Abstract
Lysosomes are specialized cell structures that serve as the garbage collection system of the body‘s cells. The lysosome contains components that clean up various types of cellular “trash” and are responsible for activating the recycling process. When lysosomes do not work properly, trash accumulates in the cells, eventually leading to a sick cell and cell death. This can lead to the development of several lysosomal storage diseases. Symptoms of these diseases vary in severity, from symptoms that barely affect a patient’s life up to symptoms already starting at birth that greatly reduce life expectancy. Two treatment options are available for some of these diseases that can ameliorate symptoms, the enzyme replacement therapy and substrate reduction therapy. A new research approach called gene therapy, provides a potential cure. In this article, we will explain the role of lysosomes and what happens when they do not work properly. We will also provide details about the available treatments and how gene therapy could be a breakthrough in the field.
What are Lysosomes?
Lysosomes are specialized structures within cells, each surrounded by a membrane (displayed in Figures 1c, d as cut view). They contain many types of enzymes, (displayed in detail in Figure 1c), which are specialized proteins needed to fulfill the lysosomes’ duties. Lysosomes can be found in nearly all types of animal cells, including human cells. There are 50–1,000 lysosomes in each cell. When researchers started to analyze the function of lysosomes, they thought lysosomes were only the garbage-collection system of cells. They observed that lysosomes take up all cell garbage and, with the help of enzymes, digest it like a recycling center that shreds garbage before using it to make new materials (Figures 1a, c). Now it is known that the function of lysosomes is much more complex. They also provide garbage to other recycling centers and are involved in the repair of damaged cell membranes. Even more importantly, lysosomes function as sensor (Figures 1a, c) that can tell if a cell is healthy, if it is missing nutrients, or if it has been attacked by bacteria or viruses. Once the lysosome senses such a problem, it can take appropriate measures to improve the cell’s wellbeing (displayed as antenna sensing smell in Figures 1a, c). It can, for example, inform the immune system about intruders, so that the body’s defenses can become active and fight against dangerous invaders. Therefore, lysosomes are also important watchmen, keeping cells healthy [1].

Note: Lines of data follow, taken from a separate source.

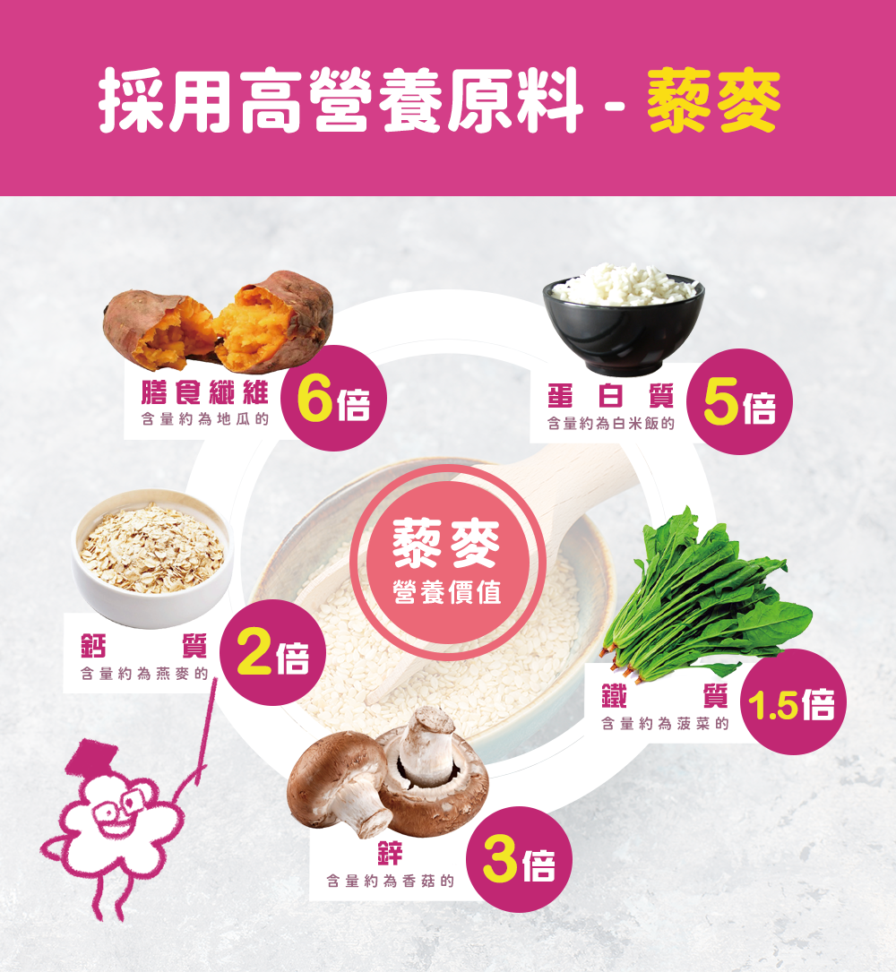 成分:進口玉米粒(非基改)、棕櫚油、葡萄糖、砂糖、海藻糖、紅黎麥粉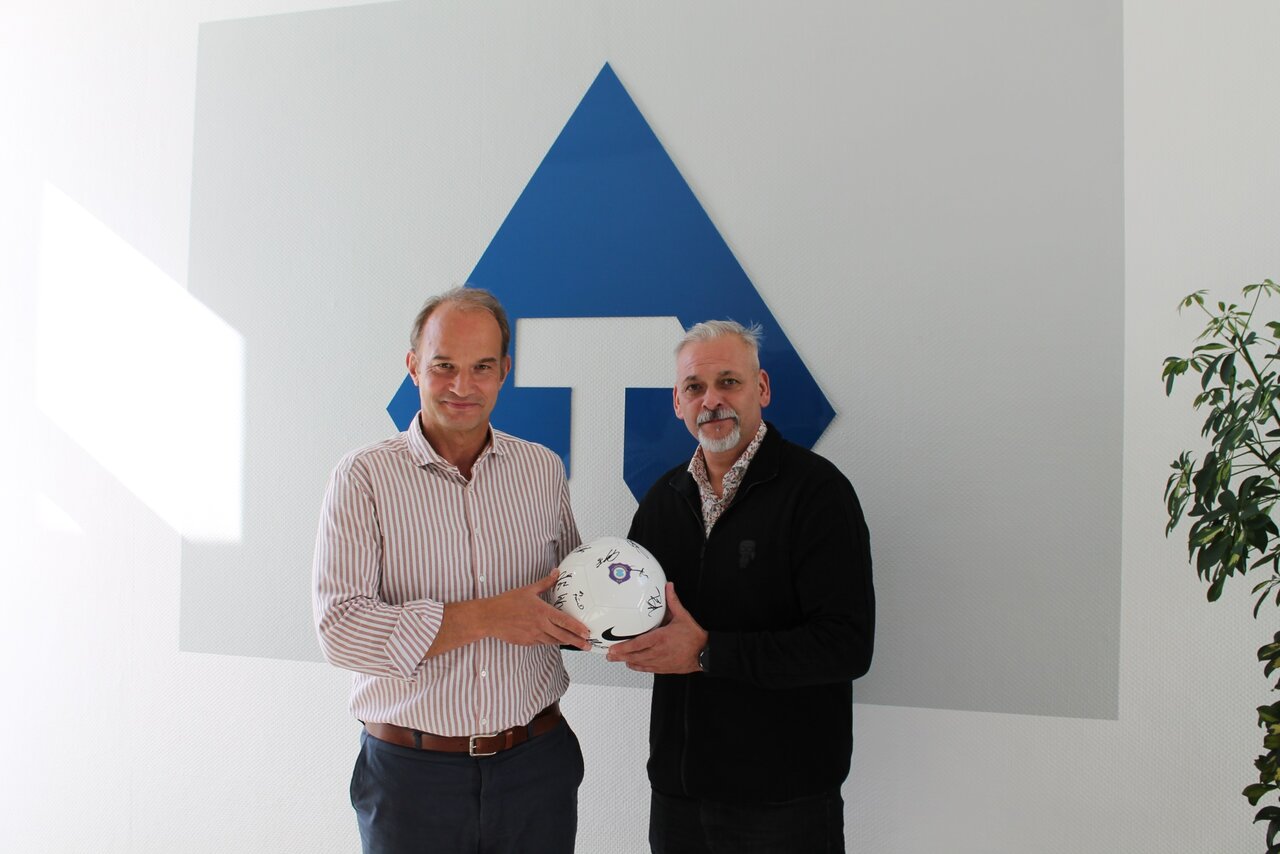 Seit 2006 unterstützt die Auerhammer Metallwerk GmbH den FC Erzgebirge Aue als Co-Sponsor. „Wir sind einer der größten Industrie-Arbeitgeber hier im Westerzgebirge und fühlen uns der Region verpflichtet. Unser Unternehmen steht zu seiner sozialen und gesellschaftlichen Verantwortung. Deshalb werden wir weiterhin unseren Beitrag leisten, damit der FC Erzgebirge Aue in der 3. Liga sicher bestehen kann. Das bin ich auch den Mitarbeitern schuldig, die sich mit unserem Kumpelverein identifizieren und mitfiebern”, bekräftigt Geschäftsführer Dr. Robert Krumbach die Partnerschaft gegenüber FCE-Marketingleiter Enrico Barth. Der war am Montag dieser Woche in den Auer Traditionsbetrieb gekommen, um sich im Namen des Vereins für die zuverlässige finanzielle Hilfe zu bedanken. „Einheimische Unternehmen wie das Auerhammer Metallwerk sind die Basis des FC Erzgebirge Aue, sie halten in guten wie schlechten Zeiten zu uns. Ich besuche solche Betriebe auch deshalb gern, weil man hier unmittelbar erlebt, welche Spitzenleistungen in Forschung, Entwicklung und Produktion im Erzgebirge entstehen”, sagt Enrico Barth.
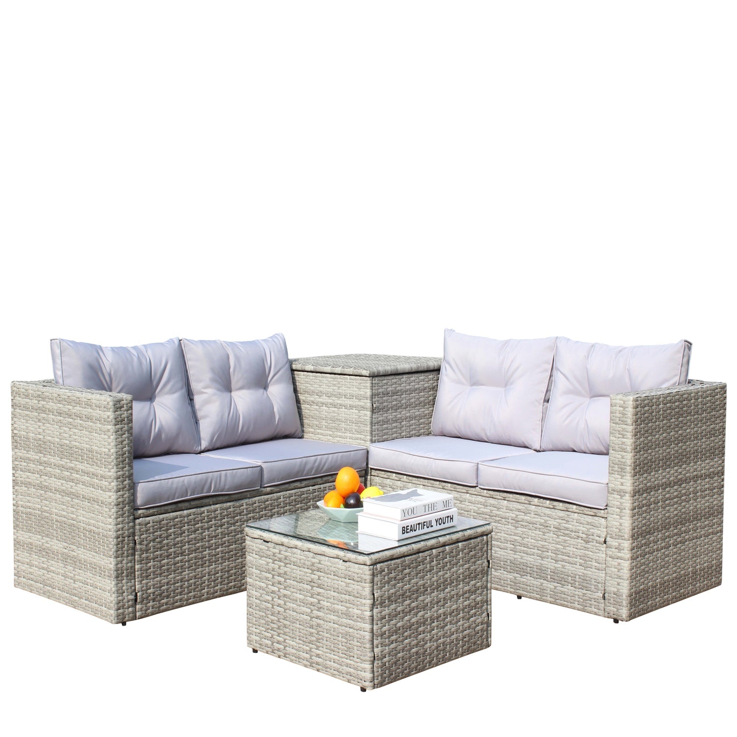 - Includes two single armrest loveseats, a side storage table, and a coffee table with clear tempered glass top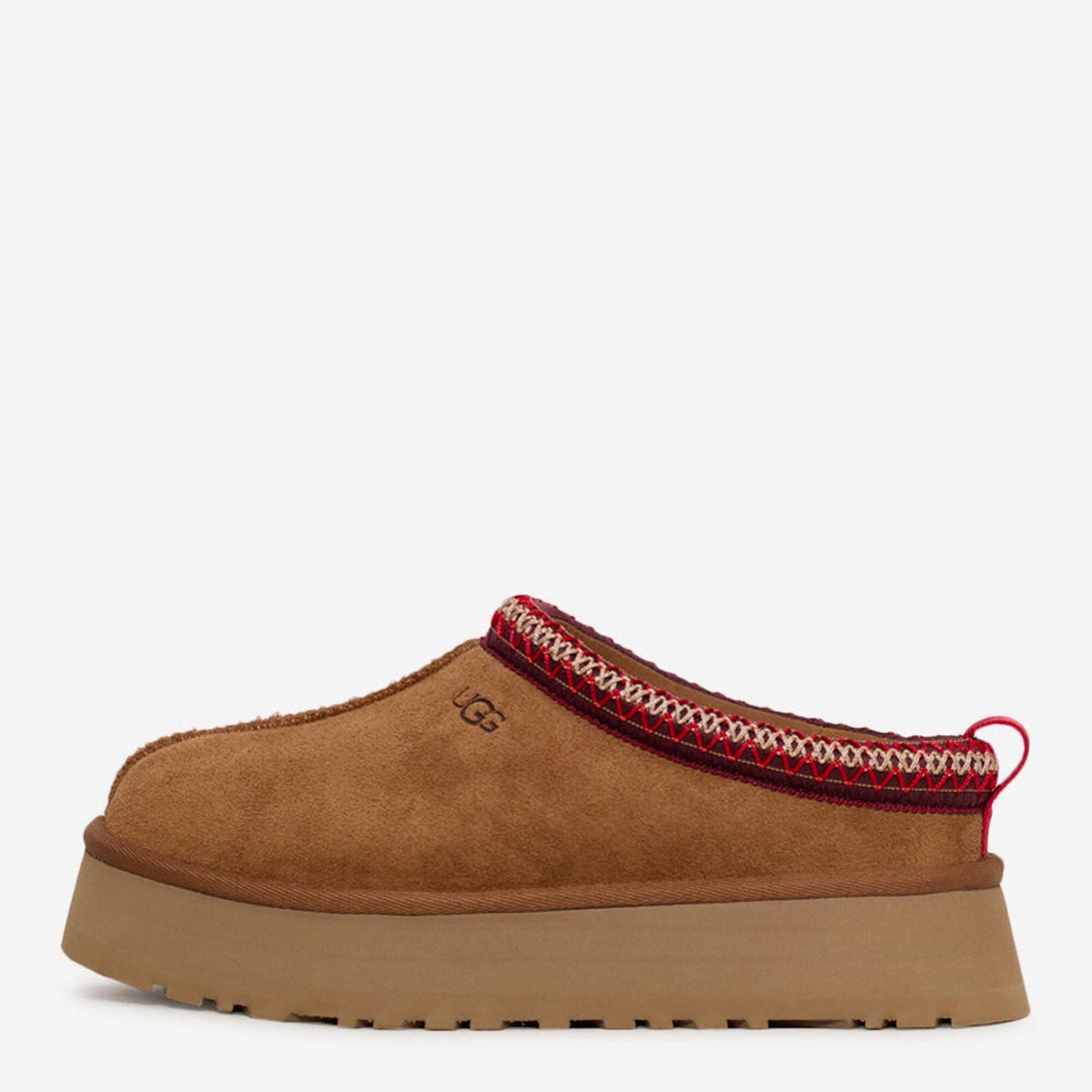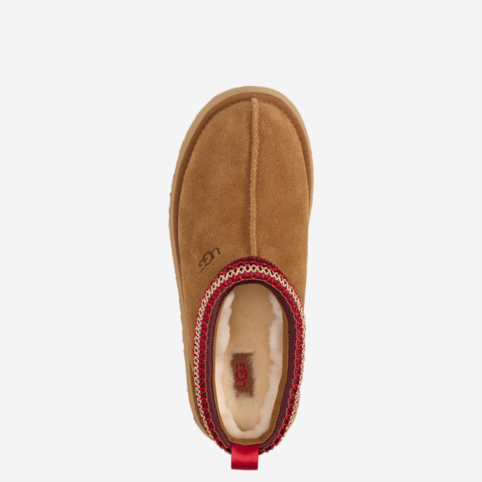 The UGG Tazz II in rich chestnut offers a maximalist interpretation of the timeless Tasman, adding a stylish 1.75" platform sole for a subtle lift and an on-trend look. This versatile slipper is designed for endless wearability, providing the signature UGG comfort and a durable indoor-outdoor outsole that effortlessly moves from lounging at home to quick errands.

- Figure 1 - The lysosome and its functions.
- Healthy (a) and dysfunctional (b) lysosome presented as garbage collector and recycling center. (c, d) Lysosomal functions on cellular level. (a, c) In the healthy situation, the lysosome can sense the environment of the cell (1). It further collects trash (2), breaks it down (3), and recycles it (4). In lysosomal storage diseases [dysfunctional condition, (b, d)], one of these functions is not working. For example, the sensor (1), the collector (2) the shredding system (3) or the recycling system (4), can be broken. In these cases, cellular trash builds up until cells get sick.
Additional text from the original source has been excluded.